Background: Lung injury, defined as acute hypoxemia accompanied by radiographic pulmonary infiltrates without a clearly identifiable cause, is a major cause of morbidity and mortality after major anatomic pulmonary resection. Our objective was to identify the incidence and risk factors for the development of postoperative lung injury.
Methods: A retrospective case-control study of consecutive patients undergoing resection for lung cancer at a single institution was performed. The severity of lung injury was defined using the American European Consensus Conference on ARDS (acute respiratory distress syndrome) criteria and the National Cancer Institute Common Terminology Criteria for Adverse Events version 3.0 (http://ctep.cancer.gov/reporting/ctc.html). Patients with lung injury were compared with matched control patients, based on age, sex, and extent of resection, for examination of a priori defined risk factors.

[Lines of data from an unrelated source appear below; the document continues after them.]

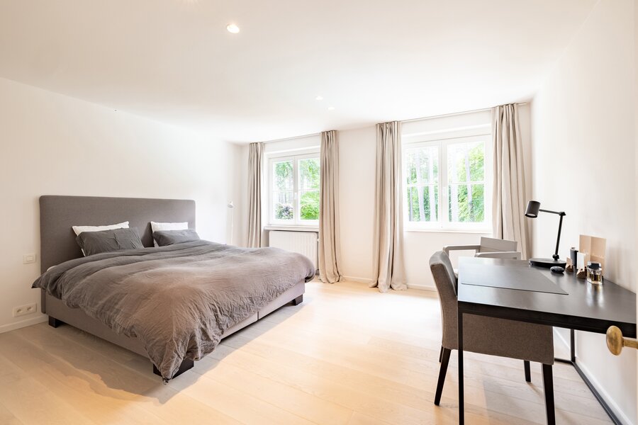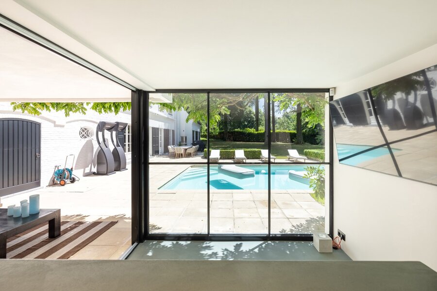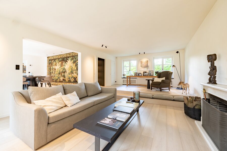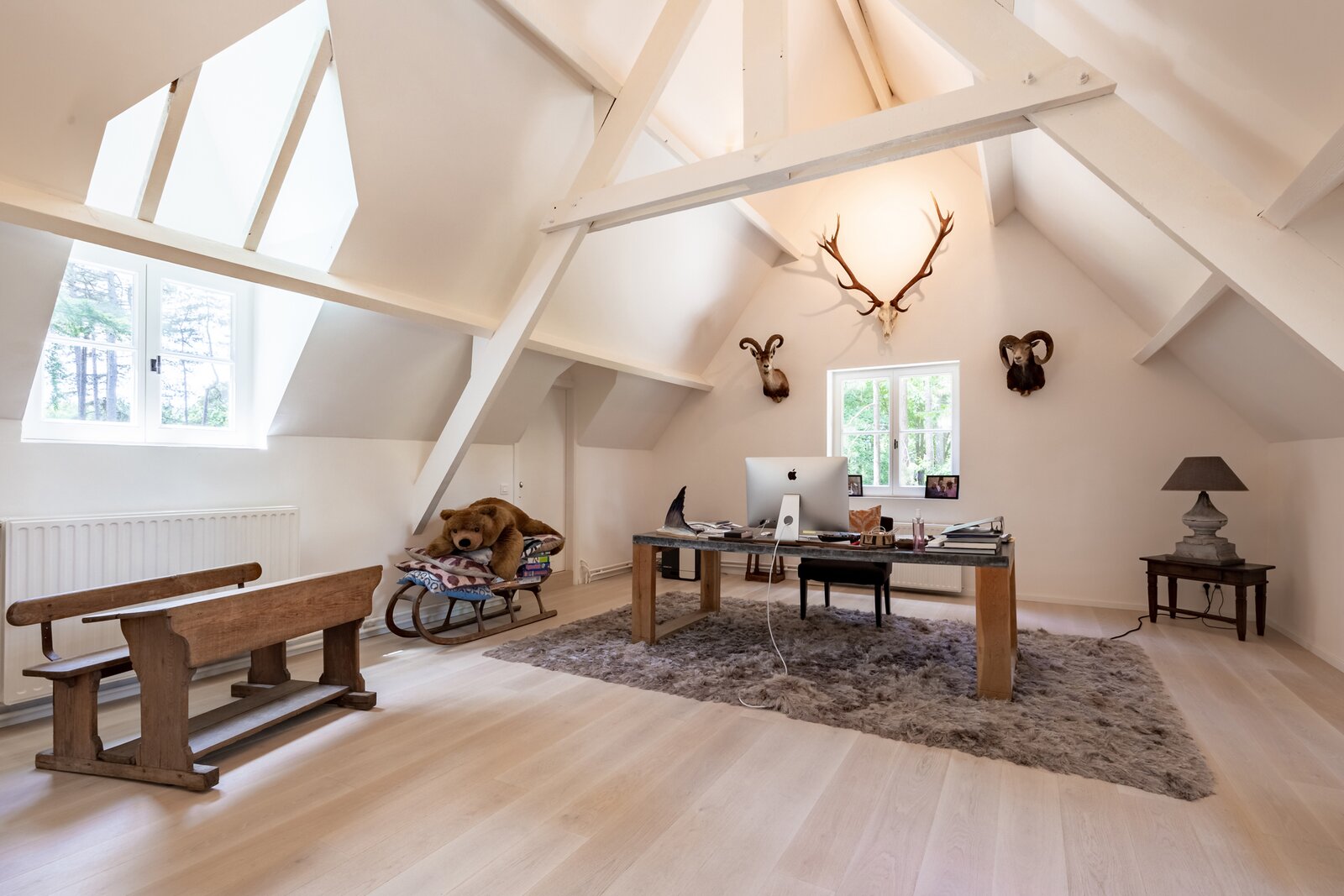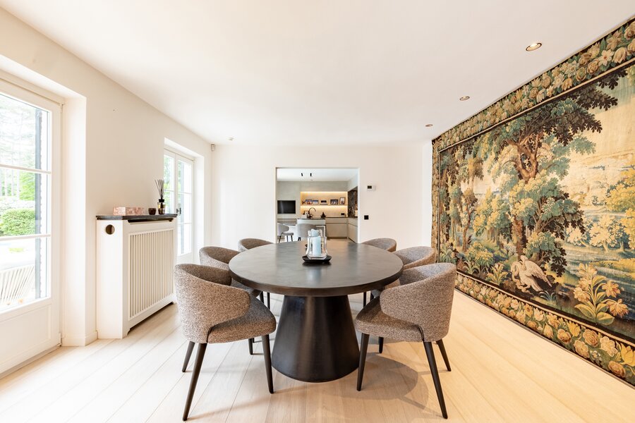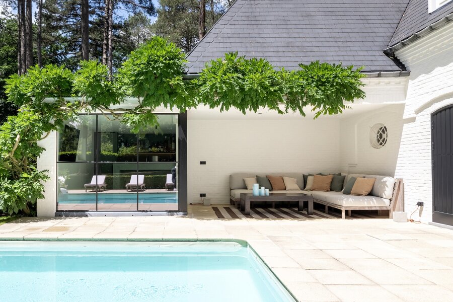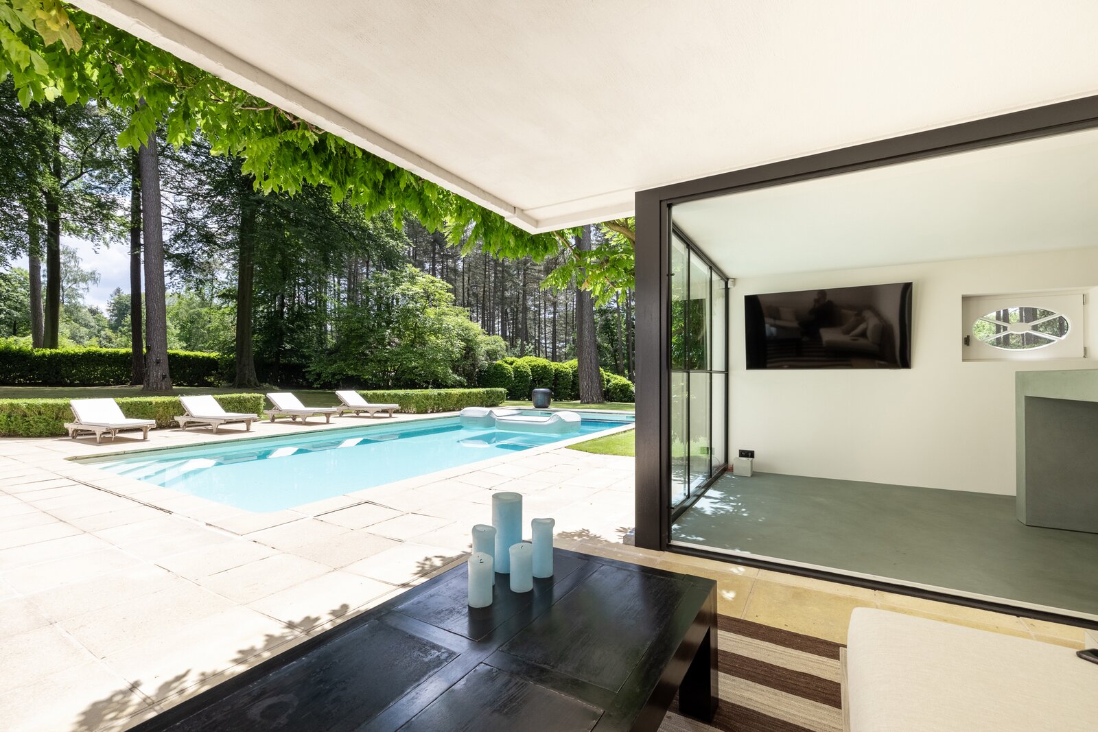 Buiten breidt een prachtig zwembad met poolhouse en buitenbar de leefruimtes uit in een zomerse sfeer. Een grote zolder van ongeveer 100 m², die gemakkelijk kan worden verbouwd, en een conciërgewoning met aparte ingang maken het geheel compleet.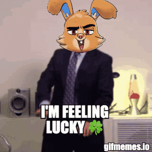A cartoon rabbit head on a person in a suit dances, expressing 'I'm Feeling Lucky' with a shamrock.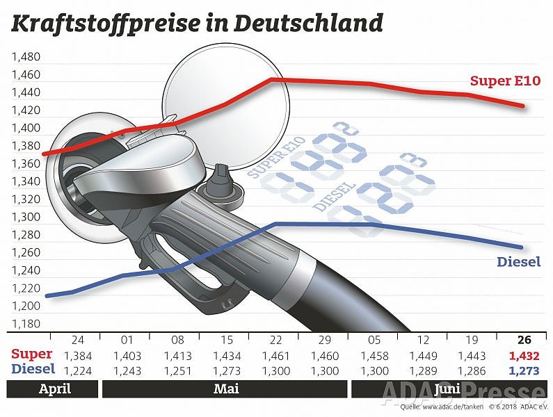 Nachdem Kraftstoff in Deutschland bereits seit Ende Mai günstiger wird, hat sich die Abwärtsentwicklung in der vergangenen Woche noch einmal beschleunigt. Gegenüber der Vorwoche sank der Preis für einen Liter Super E10 nach Angaben des ADAC um 1,1 Cent auf durchschnittlich 1,432 Euro...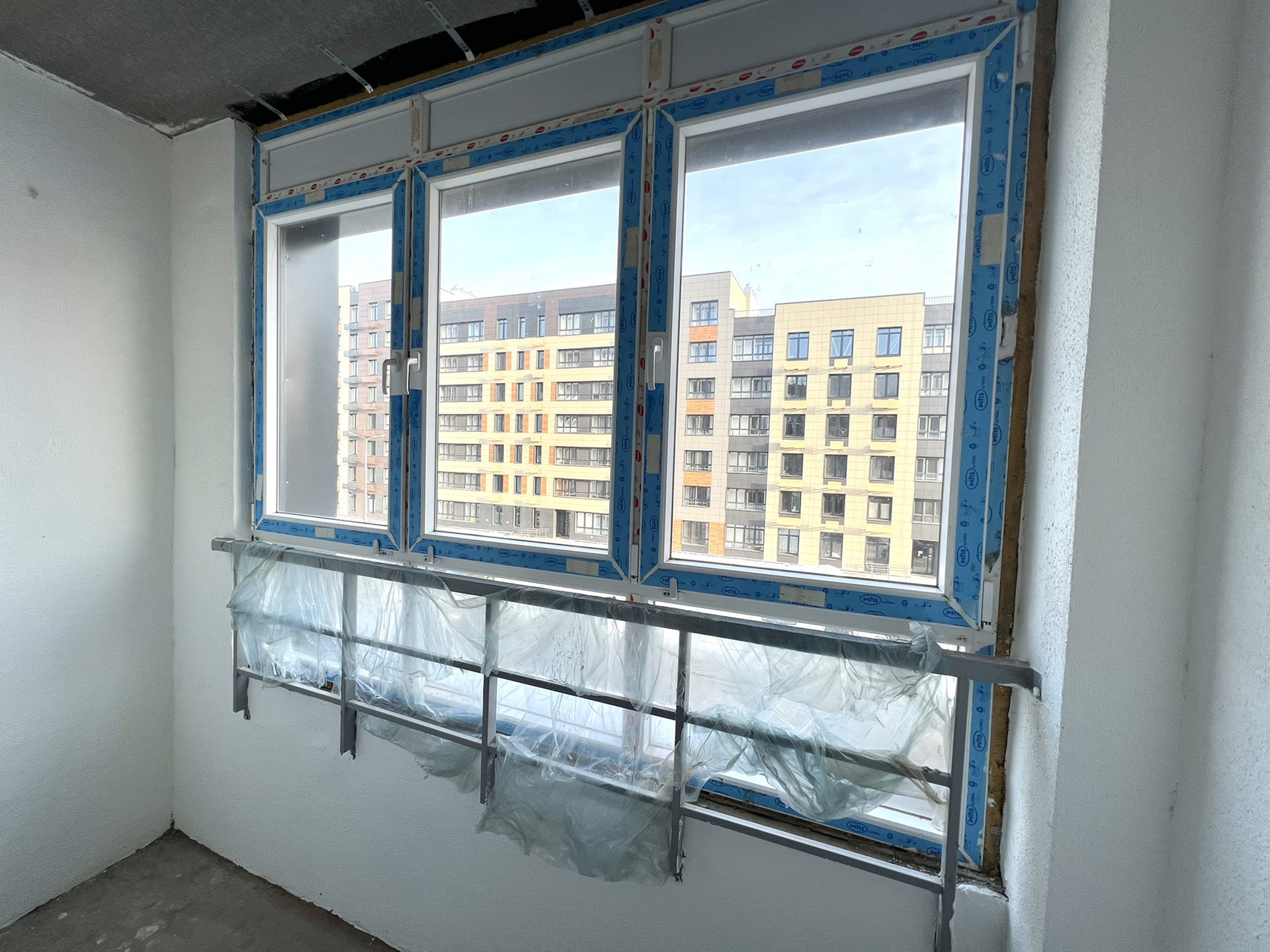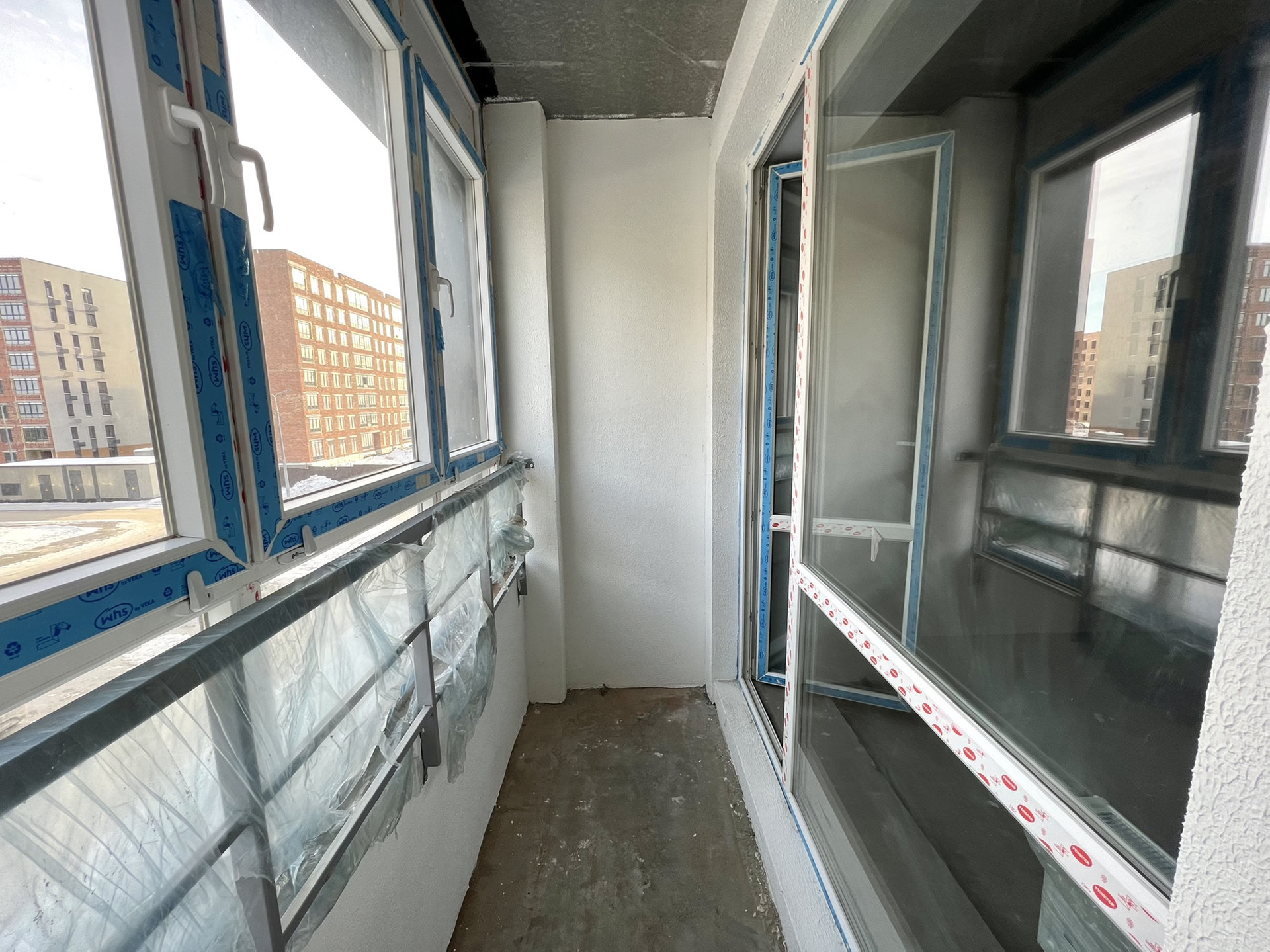 • Увеличенные оконные проёмы. Двухкамерный стеклопакеты, подоконники и откосы, застекленная лоджия.

Results: From January 2001 to June 2004, 1,428 patients underwent attempted curative lung cancer resection. Postoperative lung injury occurred in 76 (5.3%) cases, 44 (3.1%) of which met criteria for acute lung injury or acute respiratory distress syndrome. After matching, there were no differences between cases and control patients with respect to use of induction therapy, perioperative transfusions, or tumor laterality. After univariate and multivariate analysis, increasing perioperative fluid administration and decreasing postoperative predicted lung function were significant risk factors for the development of lung injury. The overall mortality for patients with lung injury was 25%, compared with 2.6% for the control group.
Conclusions: Lung injury after lung resection has a high mortality. Lower predicted postoperative lung function, especially diffusion capacity, in combination with greater perioperative fluid administration were significant predictors of postoperative lung injury.